A geografia que molda o quotidiano
A serra não é cenário. É onde se vai buscar lenha, onde pastam os cabreiros, onde se colhem fungos no outono. Os 3409 habitantes distribuem-se por Lamas, Cercal do Alentejo e Cercal do Ribatejo, nomes que se confundem na boca dos mais velhos. As ribeiras temporárias - a Ventosa, a do Pego - secam no Verão mas ainda assim marcam o terreno como cicatrizes. Os trilhos que vão para a serra começam mesmo nas portas das casas: passa-se pelo chafariz da Boa Vista, sobe-se pela vereda onde o xisto escorrega debaixo dos pés, entra-se no sobreiral onde o alecrim cheira a pólvora quando se esfrega.

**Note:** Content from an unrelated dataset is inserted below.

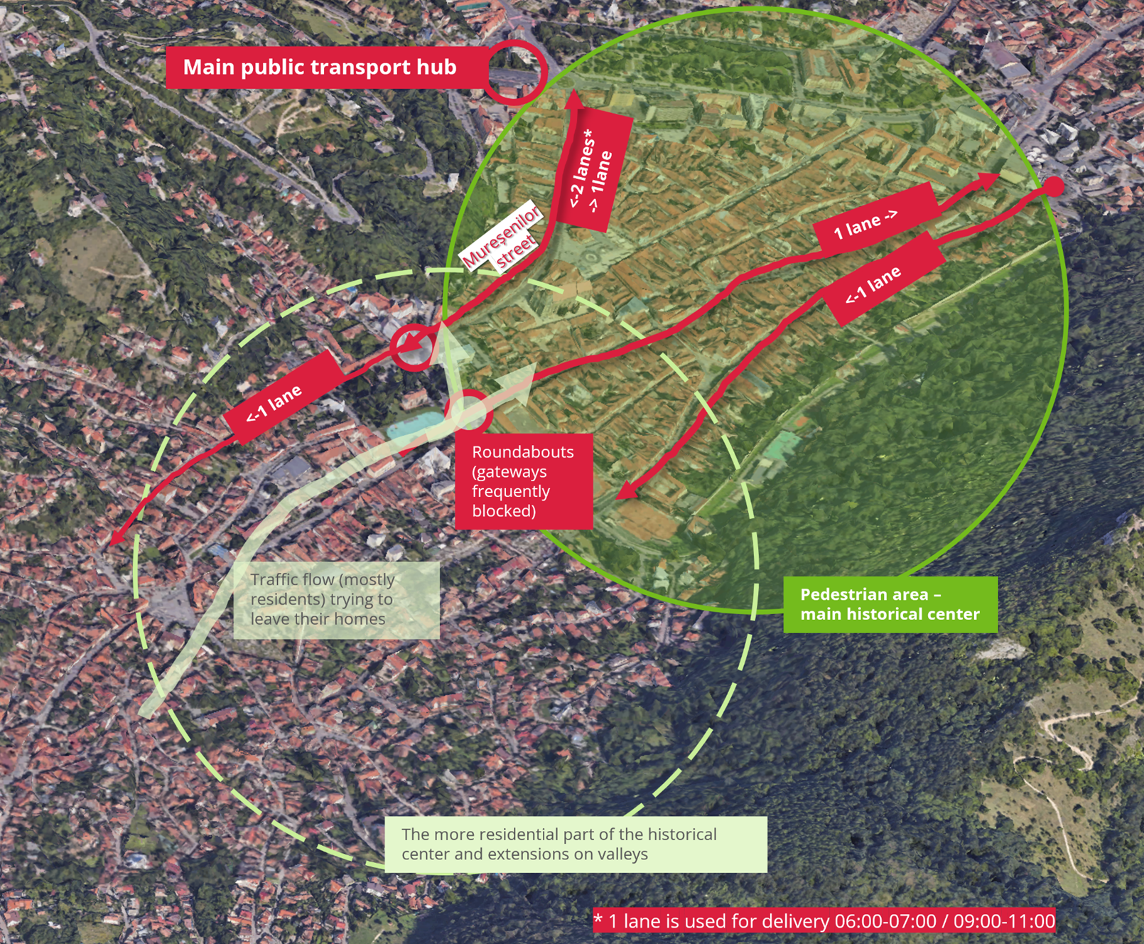 The historical centre was developed in a valley and is surrounded by mountains on 3 sides. Therefore, road capacity is very limited. Congestion often occurs given the low traffic capacity of the roads servicing the area. Most pressing are the two roundabouts at the end of Mureșenilor Street (the main artery servicing the historical centre) that are frequently congested causing gridlock in the area, sometimes generating queues longer than 1 km. The severe congestion in the central area traps citizens, logistics vehicles and crucial services like ambulances and public transport. Addressing this through innovative solutions could significantly improve mobility and ensure timely access to important services.

A terra soa oca debaixo das botas nos dias de grande calor. Nos caminhos entre Lamas e Cercal, o zumbido das abelhas torna-se ensurdecedor junto aos pomares - maçãs de Alcobaça na Horta Nova, peras Rocha no Vale de Maceira. As vinhas estendem-se em renques que os trabalhadores conhecem como a palma da mão, expostas a sul onde o sol queima as uvas e lhes dá o sabor a terra que se sente nos vinhos da cooperativa.
Raízes que permanecem
Lamas é onde a água parava. Cercal é onde se cercava o gado. Os nomes dizem o que era preciso saber antes de haida cartografia. Três igrejas marcam o tempo: a matriz de Lamas com a sua torre sineira que toca às sete e às sete apenas, a ermida de São Sebastião em Cercal onde se vai em procissão quando a seca persiste, os Paços do Concelho de Cercal que lembram quando esta vila teve foros.

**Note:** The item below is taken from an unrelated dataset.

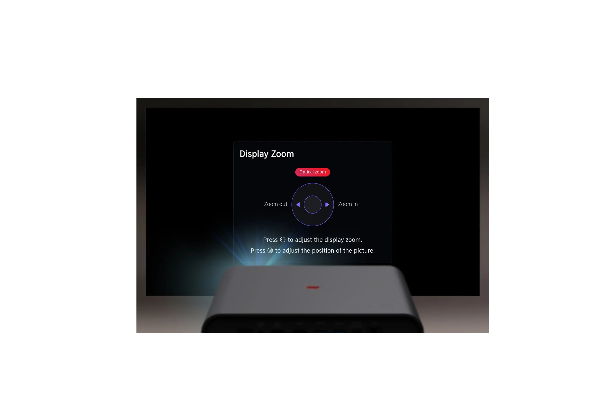 The autofocus feature on the Cine Play 1 automatically adjusts the image to achieve optimum sharpness for perfect playback quality. The navigation buttons on the remote control also allow you to individually readjust the focus.

A economia é o que sempre foi: vindima em Setembro, oliveira em Novembro, restolho em Maio. Os números contam a história que todos conhecem: os jovens vão-se embora para Lisboa ou para a construção, ficam os velhos que ainda conseguem subir à serra. As casas de cal branca vão ficando vazias, mas as que ainda têm gente conservam-se - pintam-se as paredes todos os anos, limpam-se as pedras da eira onde se secava o milho.

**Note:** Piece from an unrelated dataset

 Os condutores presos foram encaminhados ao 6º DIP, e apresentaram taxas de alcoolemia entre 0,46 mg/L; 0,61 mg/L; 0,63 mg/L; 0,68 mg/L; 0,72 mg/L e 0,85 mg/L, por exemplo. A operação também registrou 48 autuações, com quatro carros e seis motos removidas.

Produtos da terra e da da tradição
Na mercearia da Glória vende-se ginja da dona Antónia - não tem rótulo, vem em garrafas de vidro reutilizadas que ela enche na cave de casa. O queijo do João tem crosta dura porque é feito na adega onde o fumo do fogão a lenha o cura durante o Inverno. O azeite do Sr. Manuel é tão verde que mancha o pão - colhe-se à mão na quinta do Carvalhal, vai-se logo para o lagar em Cercal antes que as folhas murchem.
O turismo chega devagar. Há quartos na casa da avó que se transformaram, mas é gente que vem para caminhar na serra, que pergunta onde se come sopas de tomate com enxertia, que se senta no café Central a beber um café pingado enquanto ouve as notícias da vila.
O sol põe-se atrás da serra e tudo muda de cor - as vinhas tornam-se douradas, as pedras da igreja queimam, o céu fica da cor da groselha que a vizinha oferece no final do jantar. Quando o sino toca, ecoa pelo vale abaixo, sobe pelas ravinas, entra pelas janelas abertas das cozinhas onde ainda se cozinha com lenha. É este cheiro a fogo e a jantar que fica na roupa de quem passa por Lamas e Cercal.